Mitochondrial Biochemistry (Platelets and Skeletal Muscle)

Platelet pellet was diluted in buffer (KCl 120 mmol/l, HEPES 20 mmol/l, MgCl2 5 mmol/l and EGTA 1 mmol/l; pH 7.2) (300–400 µl), sonicated (two cycles at 60 W for 10 sec) and centrifuged (750 g for 10 min) at 4°C. Skeletal muscle was diluted in the same buffer (1∶10), homogenized (three cycles at 350 g for 1 min) and centrifuged as above. Activities of nicotinamide adenine dinucleotide dehydrogenase (NADH) (subunit of complex I), NADH-ubiquinone 1 reductase (complex I), NADH-cytochrome c reductase (complex I+III), succinate dehydrogenase (SDH) (subunit of complex II), SDH-cytochrome c reductase (complex II+III) and cytochrome c oxidase (complex IV), main components of the mitochondrial respiratory chain, were measured on supernatants with spectrophotometry at 30°C [19]. Results are expressed relative to citrate synthase activity, a marker of mitochondrial density [6]–[9], [11], [15], [16].

Histology and Histochemistry (Skeletal Muscle Only)

Biopsies were evaluated according to standard protocols [10], [20]. Inflammation was evaluated based on general examination, acid phosphatase staining, surface membrane binding of antibodies against human-leukocyte-antigen (HLA) class I and deposition of membrane attack complex (MAC). Glycogen was stained with Periodic-Acid-Schiff (PAS) method. Complex IV activity was judged abnormal if the proportion of negative fibres at double (complex IV and SDH)-labelling was ≥5‰. Defects were graded as minor (5–19‰), mild (20–39‰) or moderate (≥40‰).

Electron Microscopy (Skeletal Muscle Only)

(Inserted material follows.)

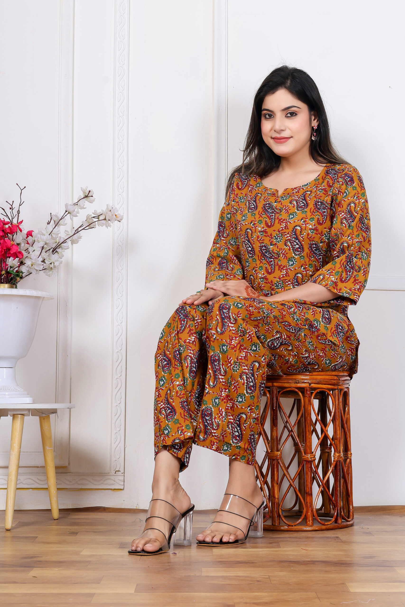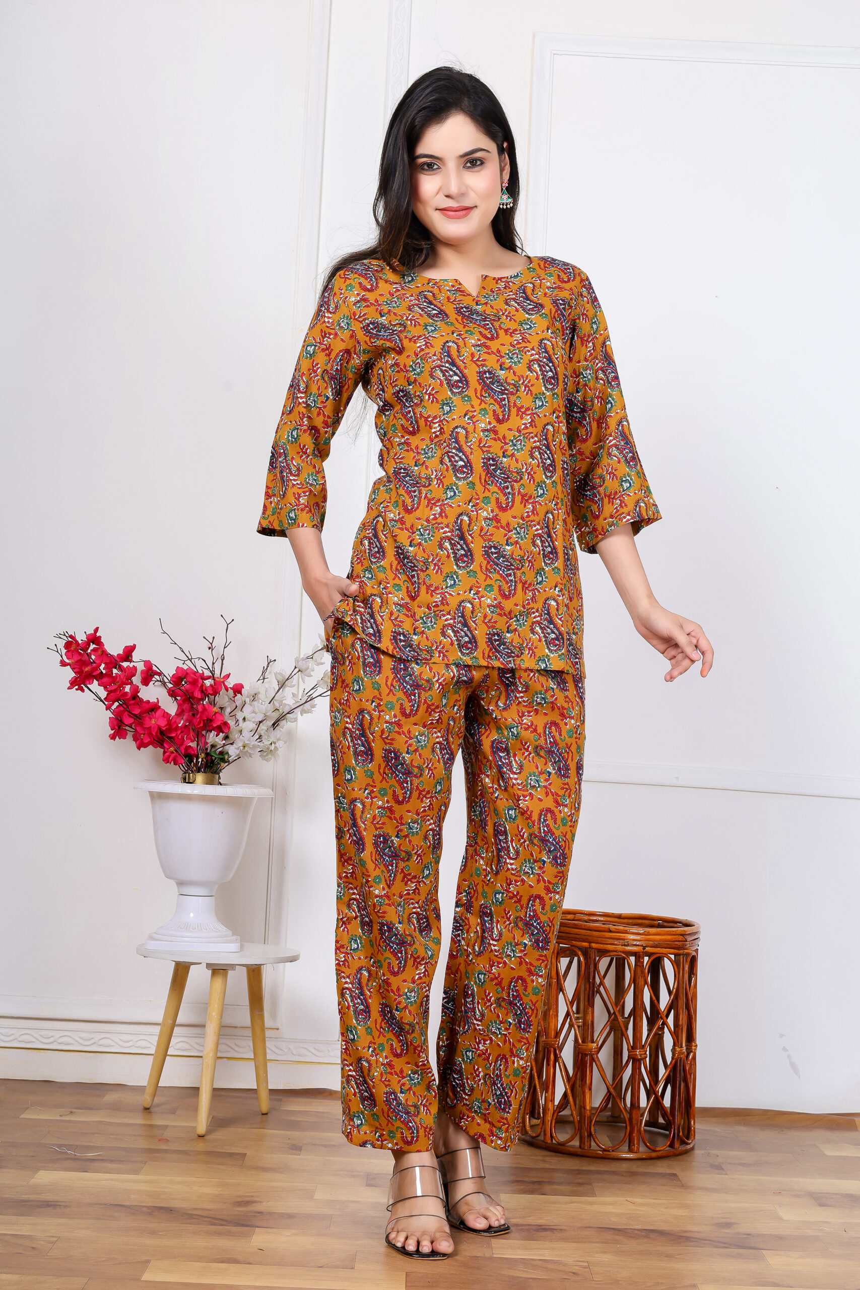 The warm mustard yellow base is beautifully highlighted with delicate, all-over prints, giving the outfit a chic yet traditional appeal. The 3/4 sleeve top offers a polished, modest silhouette, while the matching pant ensures relaxed movement and all-day breathability.
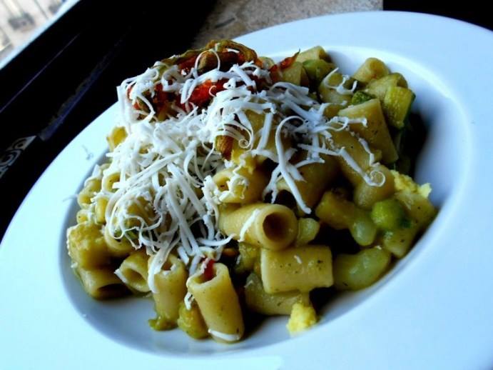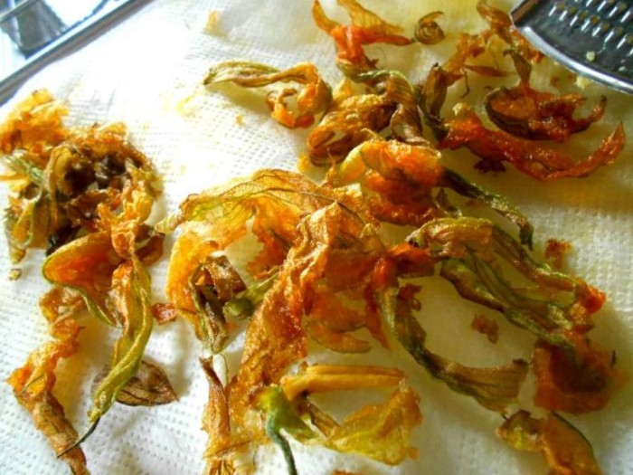 Mantecare il tutto unendo zucchine fritte e i fiori di zucca.

Three random biopsies of patients with septic shock (including one non-survivor) were post-fixed in 1% osmium tetroxide and embedded in Epon. Ultra-thin sections were counterstained with uranyl acetate and lead citrate. Mitochondrial ultrastructure was assessed with ZEISS EM-109.

Statistical Analysis

Data collected from same patients on day one and seven were analyzed independently. Results are presented as means (±SD) or medians (IQR). Analysis was performed using Student’s t or Wilcoxon rank sum tests, one-way analysis of variance (ANOVA) or ANOVA on ranks (Holm-Sidak or Dunn’s method for post-hoc multiple comparisons). Strength of association between variables (r2) was assessed with Pearson product moment test. Proportions were compared using Fisher’s exact test. p<0.05 indicated statistical significance (SigmaPlot 11.0, Jandel Scientific Software; San Jose, CA, USA).

Results

Thirty patients with septic shock were studied on day one (Table 1). They were older (68±12 vs. 54±12 years of age; p = 0.020) but similar for sex (17 males and 13 females vs. 6 males and 4 females; p = 1.000) to controls. Twenty patients were studied again on day seven.

Table 1

Main characteristics of patients with septic shock at ICU admission.

n	30
Surgical/Medical	21/9
Source of infection
Abdomen	19
Lung	10
Central venous line	1
SAPS II	45 (40–53)
SOFA score
Respiration	3 (3–3)
Coagulation	1 (0–1)
Liver	1 (0–2)
Cardiovascular	4 (4–4)
Central nervous system	0 (0–0)
Renal	1 (0–2)
Total	9 (9–11)
Central (or mixed) venous oxygen saturation (%)	76 (66–79)
Blood lactate (mmol/l)	3 (2–6)
Norepinephrine equivalent dose (µg/min)	15 (12–23)
On mechanical ventilation (n)	29
On renal replacement therapy (n)	3
Days from Hospital to ICU admission	1 (0–5)
Hours from ICU admission to study enrolment	20 (13–22)
Length of stay in ICU (days)	12 (5–18)
Discharged alive from Hospital (n)	25

ICU: intensive care unit. SAPS II: simplified acute physiology score II (referred to the first 24 h from admission). SOFA: sepsis-related organ failure assessment (referred to the first 24 h from admission). Norepinephrine equivalent dose was calculated as norepinephrine (µg/min)+[dopamine (µg/kg/min)÷2]+epinephrine (µg/min)+[phenylephrine (µg/min)÷10] [41]. Central venous oxymetry was monitored in twenty-five patients; mixed venous oxymetry was monitored in five patients. Please note that most of the patients were firstly resuscitated in the Emergency Department and then transferred to the ICU.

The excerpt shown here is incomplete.